Kenya has chosen to delay tapping into a $1.5 billion bond from the UAE to ensure budget alignment, as stated by Finance Minister John Mbadi. Amid rising debt service costs, the country seeks to negotiate a new IMF program and has issued a new $1.5 billion dollar bond to manage upcoming maturities, while also exploring additional external funding sources.
Kenya has decided to postpone the withdrawal of $1.5 billion from a bond placed privately in the United Arab Emirates, as announced by Finance Minister John Mbadi. The postponement aims to align with the country’s fiscal framework for the current financial year. As Kenya grapples with escalating debt service costs due to previous borrowing, it strives for a more stable financial footing while negotiating a new program with the International Monetary Fund (IMF) before the current agreement concludes in April.
Minister Mbadi explained that the rationale behind delaying the cash drawdown is to ensure that it fits into the country’s established fiscal framework. Additionally, Kenya recently issued a new 10-year dollar bond worth $1.5 billion to facilitate the management of impending debt maturities. The government anticipates obtaining over $950 million from various international sources, including the World Bank and the African Development Bank, by June.
Kenya’s consideration to borrow from the UAE is significant, particularly as Chinese funding to Africa has diminished and rising Eurobond yields have obstructed additional borrowing avenues. Since taking office in October 2022, President William Ruto has actively sought to enhance trade relations with the UAE. The loan from the UAE, secured last year, carries an interest rate of 8.25% and is scheduled for repayment in three installments of $500 million each, due in 2032, 2034, and 2036.

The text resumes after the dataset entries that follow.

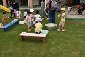次は、園庭に移動して、「水を使ってあそぼう!」のスタートです!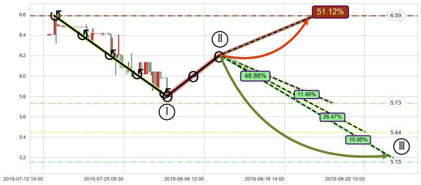 ➣ 大趋势循环浪继续向下概率48.88%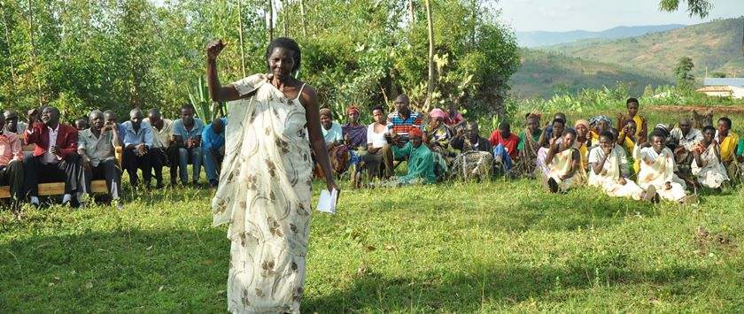 A resident of Muganza cheering during Umugoroba w'ababyeyi.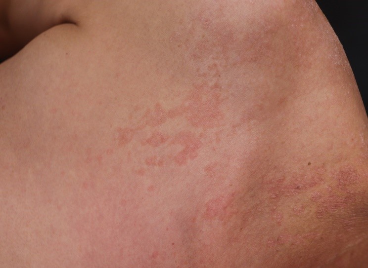 右圖:鎖骨有許多粉紅色的小圓丘疹,及匯聚而成的較大斑塊

The finance minister emphasized various uses for the funds, stating that they could support liability management or be strictly allocated for budgetary purposes. Furthermore, Kenya will allocate $900 million from the recent bond issuance to repurchase a Eurobond maturing in 2027, with the remaining funds directed towards settling other loans due this year.
In conclusion, Kenya’s prudent decision to delay accessing the $1.5 billion bond from the UAE reflects a strategic move to ensure financial stability and effective resource management within its fiscal framework. The ongoing negotiations with the IMF and the recent issuance of a dollar bond indicate a focused approach towards addressing debt obligations while fostering stronger international financial partnerships.